Aussi, certains membres du gouvernement ne respectent pas le calendrier des auditions des commissions générales de l’Assemblée nationale (absence non-justifiée ou retard) ainsi que la mauvaise organisation du travail parlementaire (qui joue sur la participation efficace des députés aux débats parlementaires).

Pour ce qui est du fonctionnement global au cours de 2018, le président de l’Assemblée nationale, Bala Alassane Sakandé, est chargé d’effectuer les voyages sans signaler à la conférence des présidents. Pour les dons qu’il effectue également, le président n’informe ni a priori ni a posteriori la conférence des présidents, poursuivent-ils. Toujours à ce niveau, les conférenciers apprennent que le Plan stratégique de l’Assemblée nationale ne semble plus une priorité pour les nouveaux dirigeants de l’institution parlementaire et disent noter aussi la remise en cause de la laïcité de l’Etat à travers l’organisation des séances de prières par le président de l’Assemblée nationale au sein de l’institution.

« Les différents disfonctionnements ci-dessus cités discréditent notre parlement qui, en raison des défis actuels de développement, de sécurité et de la relance économique de notre pays, devrait être beaucoup plus dynamique et plus efficace », estiment les députés de l’opposition. D’où leur appel à leurs collègues de la majorité afin qu’un travail soit fait pour redonner à l’Assemblée nationale « un visage plus responsable » face aux défis actuels du pays.

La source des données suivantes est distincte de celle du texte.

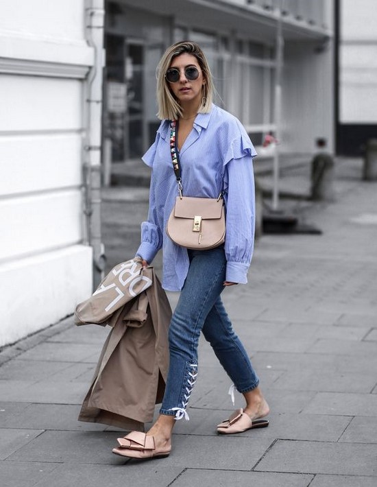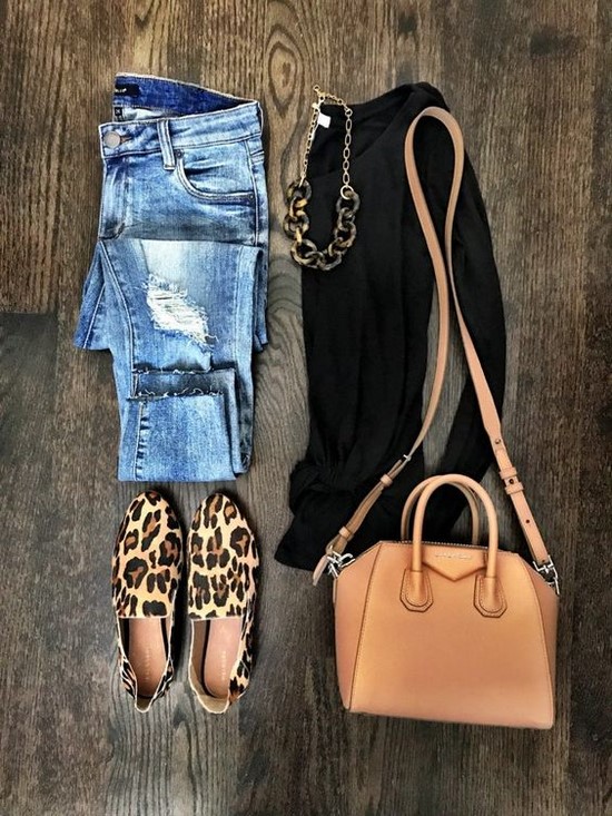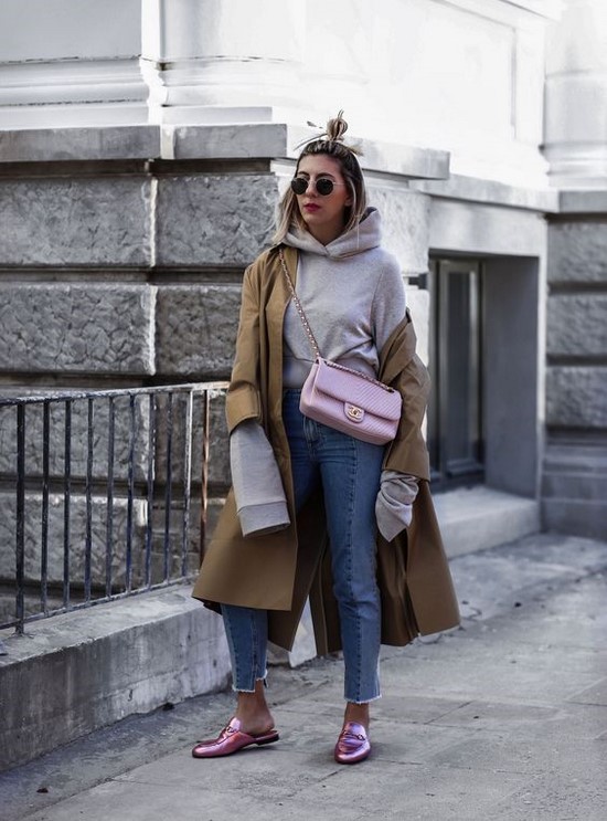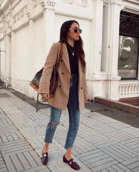 Les mocassins pour femmes avec différents types de jeans ont un look spectaculaire qui, au printemps et en automne, peut être combiné à de magnifiques trenchs imprimés.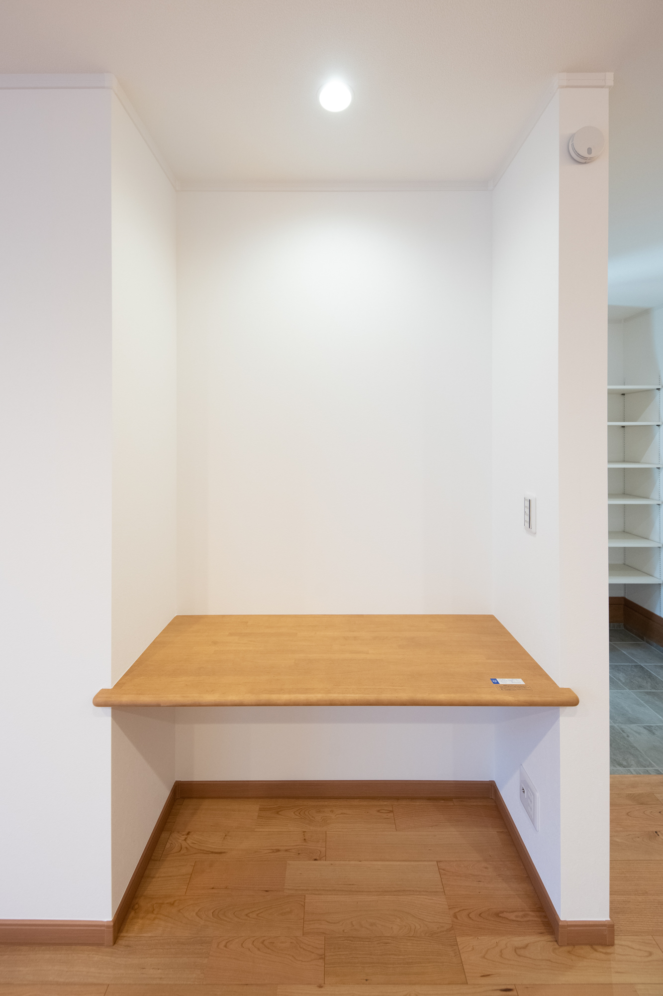 リビング横には用途多彩なカウンターを設置しました。パソコンコーナーやお子様の宿題スペースにも利用できます。

Au président de l’Assemblée nationale donc, l’opposition parlementaire appelle au strict respect de la séparation des pouvoirs avec l’exécutif pour plus de crédibilité du contrôle de l’action gouvernementale, au respect strict du règlement intérieur de l’Assemblée nationale. Aussi requièrent-ils l’opérationnalisation du Plan stratégique de l’Assemblée nationale 2016-2020, la relecture du règlement intérieur comme promis par le président de l’Assemblée nationale lui-même, l’installation du comité de vote électronique et effectivité dudit vote avant la fin de 2018 ainsi que l’information de la conférence des présidents (voire de l’ensemble des députés) sur les activités du président de l’Assemblée nationale, notamment ses déplacements en tant que président de l’institution.